**What the exercise asks:** What follows is a set of records. Retype them exactly, leaving out the pictures.

**Records provided:**

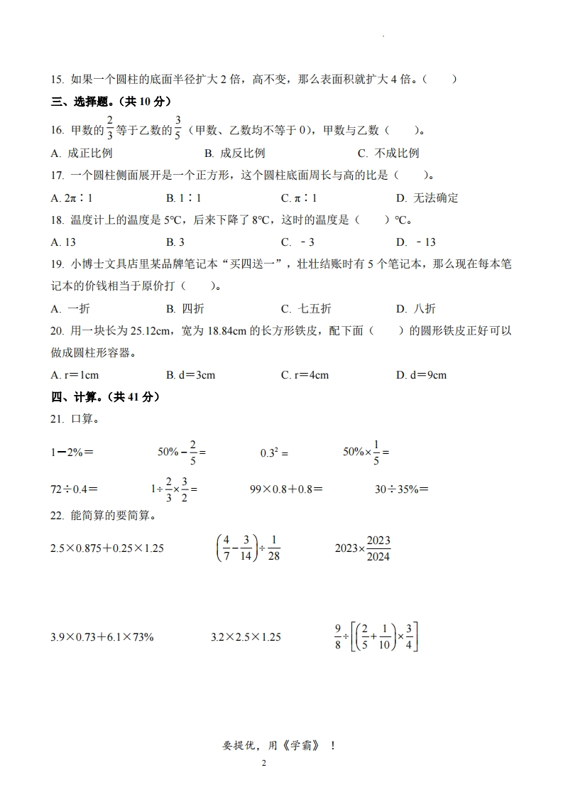 河北省邯郸市武安市人教版6年级下册期中测试数学试卷芝士老师6个月前发布关注私信0.27MB6页684285河北省邯郸市武安市人教版6年级下册期中测试数学试卷此内容为付费资源,请付费后查看会员专属资源学期会员免费研学会员免费您暂无购买权限,请先开通会员开通会员强烈推荐123网盘下载,非会员不限速如果下载链接失效请联系客服补发如需手机上下载打印,请用手机浏览器打开本站付费资源 第1页 / 共6页 第2页 / 共6页 试读已结束,还剩4页,您可下载完整版后进行离线阅读 © 版权声明 1 如果您找不到想要的资料, 点击这儿 可以查看网站使用手册! 2 可能会帮助到你: 网址导航 | 网站入门 | 获取邀请码 3 如果遇到付费才能看或下载的文章,建议您升级本站VIP会员;全站所有资源任意下,免费看。 4本站资源部分来自网络,由多位老师收集整理,如有侵犯你的权益请 联系站长,我们会第一时间进行审核删除。 5 站内资源为网友个人学习或测试研究使用,未经原版权作者许可,禁止用于任何商业途径!请在下载24小时内删除! THE END考试试卷专题六年级资料专区# 真题 这套资料真的不错,快分享给您身边最好的朋友吧^_^点赞285 分享QQ空间微博QQ好友海报分享复制链接收藏 可以按Ctrl+D收藏此页面 HI!请登录 登录 注册 搜索 开启精彩搜索 付费资源会员专属资源学期会员免费研学会员免费强烈推荐123网盘下载,非会员不限速如果下载链接失效请联系客服补发如需手机上下载打印,请用手机浏览器打开本站您暂无购买权限,请先开通会员开通会员默写 (12)高频考点 (1)高分必刷 (0)高中语文 (5)高中英语 (7)高中生物 (5)高中数学 (12)高中地理 (5)高中历史 (5)高中化学 (5)预习 (2)音标 (1)雷锋 (0)阅读 (0)阅兵 (5)钱 (6)量词 (3)部首 (1)逻辑 (12)通用 (0) s_juan1关注 这家伙很懒,什么都没有写... 小吖麻麻关注 这家伙很懒,什么都没有写... kele关注 这家伙很懒,什么都没有写... 燕子关注 这家伙很懒,什么都没有写... 四爷关注 这家伙很懒,什么都没有写... 小豆点sun关注 这家伙很懒,什么都没有写... Mouse Dad关注 这家伙很懒,什么都没有写... kuan关注 这家伙很懒,什么都没有写... 领取5000T网盘资源 百度网盘5000T网红资源 立即领取 在手机上浏览此页面 登录没有账号?立即注册手机号或邮箱图形验证码验证码发送验证码记住登录账号密码登录 登录用户名/手机号/邮箱登录密码图形验证码记住登录找回密码 | 免密登录 登录注册已有账号,立即登录设置用户名手机号图形验证码验证码发送验证码设置密码重复密码邀请码(选填)注册已阅读并同意用户协议、隐私声明
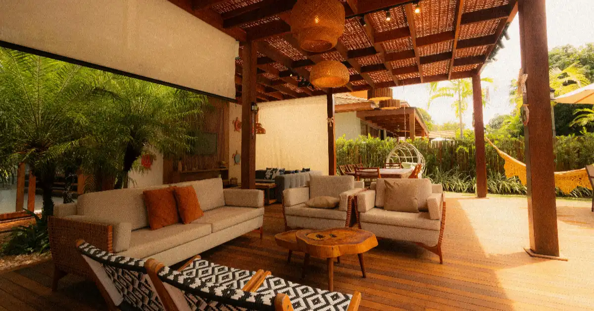 This first setup is honestly everything I’ve ever wanted in a backyard. The way they layered the textures with those cozy cushions just makes you want to sink right in and stay there forever. Having reliable outdoor ceiling lights installed under a covered patio like this is a total game changer for evening hangouts. You get that perfectly even, soft glow that makes everyone look amazing in photos without being too bright and blinding. It just feels like an extension of your living room. The only annoying part is remembering to bring all those white pillows inside when it rains, but it’s totally worth the effort for this level of comfort.
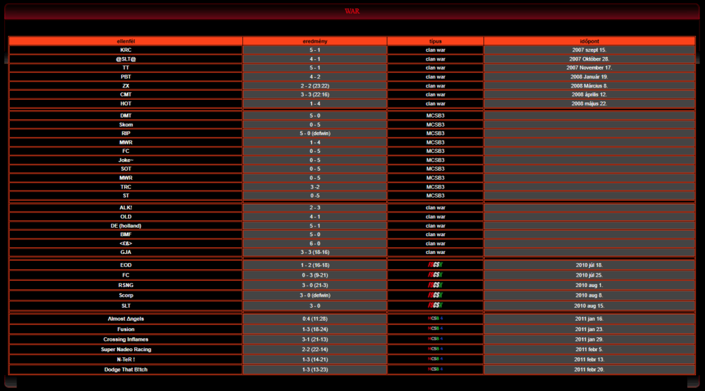A klánon belüli bajnokságok, illetve a klánok közötti összecsapások sem voltak ritkák. A „Wolf Clan” nevű csapat „war” naptára a mai napig elérhető:
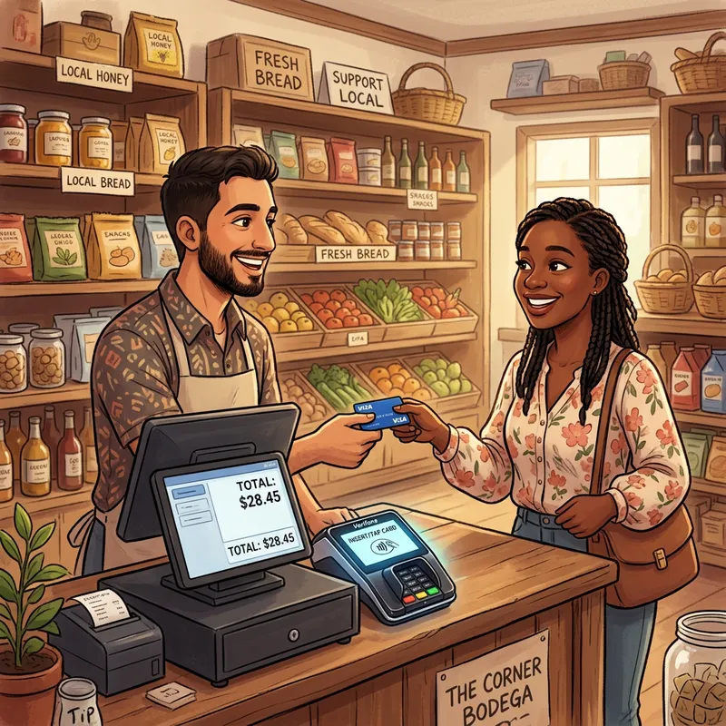 Illustration of a customer interaction at a small local store. A young Middle-Eastern male storekeeper smiling as he accepts payment in the form of a card from a Black female customer. She is handing him her card with a satisfied expression. The backdrop has items of a local store, visible on wooden shelves. The cash register is clearly visible, showing the digital total amount on the screen. You can see the gleaming card payment machine next to it. There's a sense of calm, positivity, and satisfaction reflecting in the scenario.
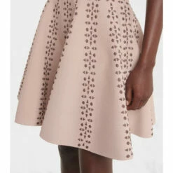 This miniskirt from Alaïa is patterned with geometric shapes that mimic the maison’s trademark laser-cut design. It’s knitted in beige jacquard with a typically flared hemline for a feminine feel. Style with the label’s tonal ballet flats.
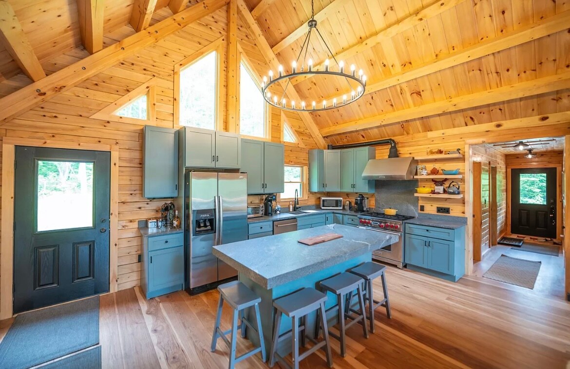 Domek z bali w Vermont – nowa konstrukcja z ładowarką do pojazdów elektrycznych!
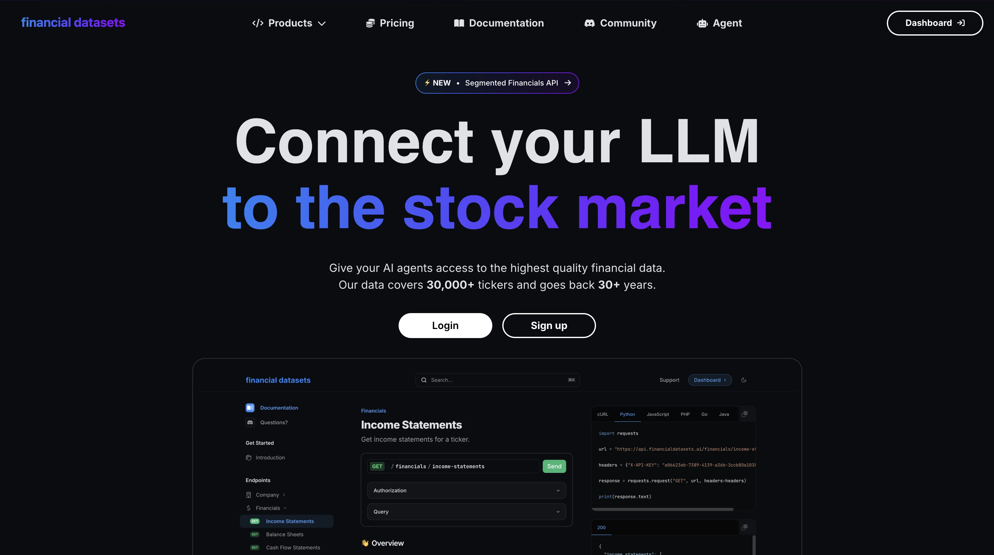 This post explores Financial Datasets, a data vendor focused on top-tier developer experience and data quality, with an API built for AI agents.

**Response:**
 河北省邯郸市武安市人教版6年级下册期中测试数学试卷芝士老师6个月前发布关注私信0.27MB6页684285河北省邯郸市武安市人教版6年级下册期中测试数学试卷此内容为付费资源,请付费后查看会员专属资源学期会员免费研学会员免费您暂无购买权限,请先开通会员开通会员强烈推荐123网盘下载,非会员不限速如果下载链接失效请联系客服补发如需手机上下载打印,请用手机浏览器打开本站付费资源 第1页 / 共6页 第2页 / 共6页 试读已结束,还剩4页,您可下载完整版后进行离线阅读 © 版权声明 1 如果您找不到想要的资料, 点击这儿 可以查看网站使用手册! 2 可能会帮助到你: 网址导航 | 网站入门 | 获取邀请码 3 如果遇到付费才能看或下载的文章,建议您升级本站VIP会员;全站所有资源任意下,免费看。 4本站资源部分来自网络,由多位老师收集整理,如有侵犯你的权益请 联系站长,我们会第一时间进行审核删除。 5 站内资源为网友个人学习或测试研究使用,未经原版权作者许可,禁止用于任何商业途径!请在下载24小时内删除! THE END考试试卷专题六年级资料专区# 真题 这套资料真的不错,快分享给您身边最好的朋友吧^_^点赞285 分享QQ空间微博QQ好友海报分享复制链接收藏 可以按Ctrl+D收藏此页面 HI!请登录 登录 注册 搜索 开启精彩搜索 付费资源会员专属资源学期会员免费研学会员免费强烈推荐123网盘下载,非会员不限速如果下载链接失效请联系客服补发如需手机上下载打印,请用手机浏览器打开本站您暂无购买权限,请先开通会员开通会员默写 (12)高频考点 (1)高分必刷 (0)高中语文 (5)高中英语 (7)高中生物 (5)高中数学 (12)高中地理 (5)高中历史 (5)高中化学 (5)预习 (2)音标 (1)雷锋 (0)阅读 (0)阅兵 (5)钱 (6)量词 (3)部首 (1)逻辑 (12)通用 (0) s_juan1关注 这家伙很懒,什么都没有写... 小吖麻麻关注 这家伙很懒,什么都没有写... kele关注 这家伙很懒,什么都没有写... 燕子关注 这家伙很懒,什么都没有写... 四爷关注 这家伙很懒,什么都没有写... 小豆点sun关注 这家伙很懒,什么都没有写... Mouse Dad关注 这家伙很懒,什么都没有写... kuan关注 这家伙很懒,什么都没有写... 领取5000T网盘资源 百度网盘5000T网红资源 立即领取 在手机上浏览此页面 登录没有账号?立即注册手机号或邮箱图形验证码验证码发送验证码记住登录账号密码登录 登录用户名/手机号/邮箱登录密码图形验证码记住登录找回密码 | 免密登录 登录注册已有账号,立即登录设置用户名手机号图形验证码验证码发送验证码设置密码重复密码邀请码(选填)注册已阅读并同意用户协议、隐私声明
 This first setup is honestly everything I’ve ever wanted in a backyard. The way they layered the textures with those cozy cushions just makes you want to sink right in and stay there forever. Having reliable outdoor ceiling lights installed under a covered patio like this is a total game changer for evening hangouts. You get that perfectly even, soft glow that makes everyone look amazing in photos without being too bright and blinding. It just feels like an extension of your living room. The only annoying part is remembering to bring all those white pillows inside when it rains, but it’s totally worth the effort for this level of comfort.
A klánon belüli bajnokságok, illetve a klánok közötti összecsapások sem voltak ritkák. A „Wolf Clan” nevű csapat „war” naptára a mai napig elérhető:
 Illustration of a customer interaction at a small local store. A young Middle-Eastern male storekeeper smiling as he accepts payment in the form of a card from a Black female customer. She is handing him her card with a satisfied expression. The backdrop has items of a local store, visible on wooden shelves. The cash register is clearly visible, showing the digital total amount on the screen. You can see the gleaming card payment machine next to it. There's a sense of calm, positivity, and satisfaction reflecting in the scenario.
 This miniskirt from Alaïa is patterned with geometric shapes that mimic the maison’s trademark laser-cut design. It’s knitted in beige jacquard with a typically flared hemline for a feminine feel. Style with the label’s tonal ballet flats.
 Domek z bali w Vermont – nowa konstrukcja z ładowarką do pojazdów elektrycznych!
 This post explores Financial Datasets, a data vendor focused on top-tier developer experience and data quality, with an API built for AI agents.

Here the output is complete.